Saat itu usiaku 32 tahun dan belum juga punya pasangan. Upaya pencarian jodoh baik secara online maupun offline tak membuahkan hasil. Keluarga besarku makin gencar mendesakku untuk segera menikah. Aku panik campur frustasi. Apa yang harus kulakukan lagi?

Ketika seorang teman mengenalkanku pada seorang pria lajang berumur 35 tahun yang serius mencari calon istri, aku pun segera menanggapi. Menurutku pria ini orangnya baik dan sopan. Dia tertarik padaku dan berniat mengajakku menikah.

Sebenarnya dari awal aku tak merasa tertarik pada pria ini. Dia tidak sesuai dengan kriteria yang aku cari. Kami nggak nyambung ngobrolnya, nilai-nilainya dan banyak hal lain. Satu-satunya yang nyambung di antara kami adalah, kami sama-sama ingin berganti status. Dari status single ke status menikah.

Karena itu, aku mulai mempertimbangkan untuk menerimanya. Aku berpikir bahwa kami hanya perlu sedikit lebih saling mengenal, mungkin nanti akan tumbuh rasa cinta.

Kami mulai sering bertemu untuk lebih saling mengenal.
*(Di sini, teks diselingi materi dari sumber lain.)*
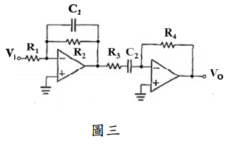 三、圖三是低通濾波器和高通濾波器串接形成的帶通濾波電路,中頻增益為 12 dB,3 dB 頻寬從 1 kHz 到 10 kHz。已知R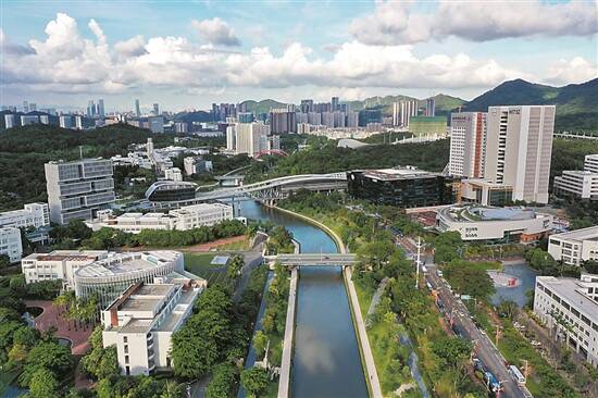 通过无人机航拍看到,上游的学院之道穿大学城而过,哈工大深圳校区、北大深研院、南科大等高校云集;中游城市森林段分布有大冲公园、大沙河公园、塘朗山、九祥岭湿地公园、西丽水库等生态绿地公园;大沙河下游连接深圳湾,水面宽阔,两岸空间通透流畅,是水上赛艇、皮划艇、龙舟赛等水上活动的重要场所。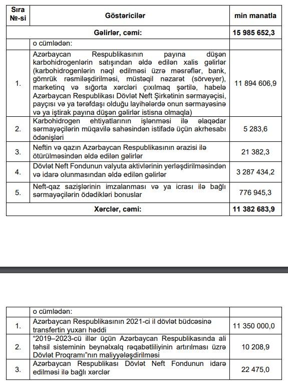 Qaynarinfo xəbər verir ki, sərəncama əsasən, Fondun gəlirləri 15 985 652,3 min manat, xərcləri isə 11 382 683,9 min manat və yaxud Fondun ötənilki büdcəsində nəzərdə tutulana nisbətən gəlirlər üzrə 199,8 faiz, xərclər üzrə 92,9 faiz səviyyəsində olmaqla təsdiq edilib.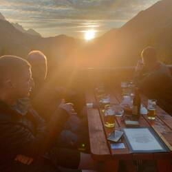 Heute haben wir die Friesenbergscharte bezwungen! Anstrengend, aber gut machbar. Gerade sitzen wir in der Dominikushütte am Stausee und trinken alkoholfreies 🍺.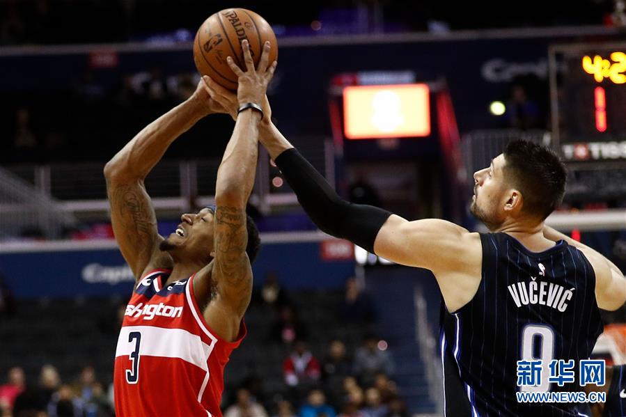 奇才队球员比尔(左)在比赛中与魔术队球员乌切维奇抢球。新华社发(沈霆摄)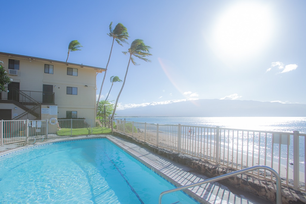Escape to this ground floor beachfront unit for the ultimate relaxation. Extensively remodeled kitchen and bathroom with new flooring, ceiling fans, and split A/C in living room and bedroom. Wake up to the calming sounds of the sea, watch whales from your living room, and share the beach with sea turtles. Enjoy direct access to the grassy area and beach, basking in abundant sunshine.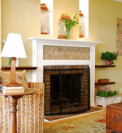 擱板上除了能放上藝術(shù)裝飾品,還能為植物引入室內(nèi)提供絕佳場所。在突兀的火爐兩旁設(shè)計(jì)兩排擱板作植物架,方式各式盆栽或插花,給客廳背景墻增添綠意。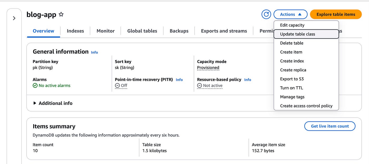 To change your table class to IA, in the table page, in the overview section, click the Actions button, and select Update table class.

Sayangnya, setelah kebersamaan itu aku tetap tidak merasa jatuh cinta padanya.

Tak ada hal yang membuatku masih mau bertemu dengan dia selain karena merasa bahwa usiaku sudah semakin matang dan harus segera menikah. Aku berusaha meyakinkan diri bahwa dia adalah jodoh terbaik dari Tuhan sehingga aku tetap menjalankan masa penjajakan itu untuk waktu yang lebih lama.

Namun semakin lama mengenalnya, bukannya semakin yakin, aku malah semakin ragu. Beberapa kali dia bertanya akan keputusanku apakah menerima dia sebagai calon suami, namun aku belum  memberikan jawaban. Berbagai kebimbangan memenuhi pikiranku.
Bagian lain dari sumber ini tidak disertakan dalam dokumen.